Something unprecedented for us: we go on a package tour. Having decided that getting from site to site would be more hassle than it’s worth, we sign up for a nine-day Egyptian tour that begins in Cairo. It’s much more fun than we would have imagined.
(In case you’re wondering, the title of this entry paraphrases the title of a schlocky movie I saw as a kid.)
Luck has a lot to do with it. Our group is made up of interesting and diverse people, most with a good sense of humour.
Let’s see, we have Annie from Australia, Manav and Upma from the US, Angel and Triscia from South Africa, Graham and John from Canada, Elvira and Denise from the Netherlands, the Sungai family from Zimbabwe, Kamal and Dreety from Mauritius, and many more.

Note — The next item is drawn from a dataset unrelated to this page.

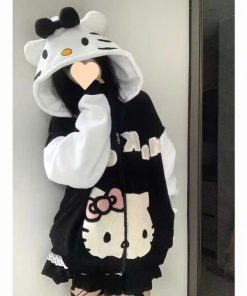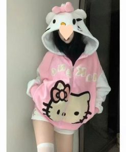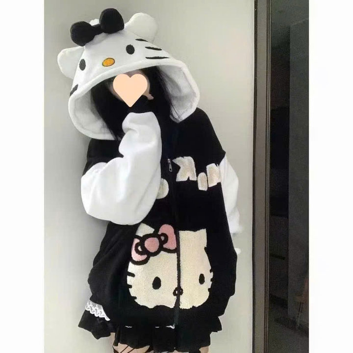 Mặt trước áo có hình mèo thêu nổi siêu đáng yêu, tạo cảm giác mềm mại và sang hơn so với in thông thường. Áo có khóa kéo tiện lợi, dễ mặc – dễ phối – dễ tạo outfit.

First stop are the pyramids. Even after a lifetime of seeing these in films and photos, to see them in real life is overwhelming.

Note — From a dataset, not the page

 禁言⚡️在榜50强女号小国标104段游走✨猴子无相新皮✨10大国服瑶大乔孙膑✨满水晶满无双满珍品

It’s kind of hard to give an idea how enormous they are. As we discover, for the ancient Egyptians, bigger is always better. But even with these mountains of house-sized stone blocks to protect them, grave robbers managed to plunder the mummies out of them.
“What are the hopes of man? Old Egypt’s King
Cheops erected the first pyramid
And largest, thinking it was just the thing
To keep his memory whole, and mummy hid;
But somebody or other rummaging,
Burglariously broke his coffin’s lid:
Let not a monument give you or me hopes,
Since not a pinch of dust remains of Cheops.” – Lord Byron, from Don Juan: Canto 1, stanza 219
They certainly make a great background for photos, though.
The same day, we visit the step pyramid of Djoser in nearby Saqqara.
This one pre-dates the Giza pyramids.
Some other senior civil servants are entombed nearby. Besides the great step pyramid, we explore a couple of these.
We fly from Cairo to Aswan. The next day, we embark for a short boat ride to the Temple of Philae.
Our guide, Ash, fills us in on the historic details.
One feature of every country we’ve been to so so far on this trip: there’s always someone around making bread.
At the Nubian Museum in Aswan, this woman and her family were very insistent that I take a selfie with them.
From Aswan, we awake for a long bus journey to Abu Simbel.
In case you don’t know, these were cut out from their original location in the 60s and relocated to avoid being submerged under the rising waters of the Lake Nasser reservoir.
I remember learning about this in elementary school and being fascinated at the time.
I can scratch one item off my childhood bucket list.
Because of this, an on-site museum features lots of mummified crocs. Some are wrapped like submarine sandwiches.
And some are not. They get the same treatment as human mummies, that is, their interior organs are removed and the cavity filled with preservative substances.
For three nights, we cruise down the Nile on the MS Nile Jewel.
We see a woman on a deck chair is reading Death on the Nile. (As it turns out, we spend Christmas Eve watching the 2022 film version.)
Sight or Insight of the Day
Because of the crappy internet in Egypt, we are a bit behind in these entries. We are, in fact, in the Sinai beach resort of Dahab celebrating the holidays, after spending five days in Cairo.
Merry Christmas, everyone! Looking forward to new adventures in 2023.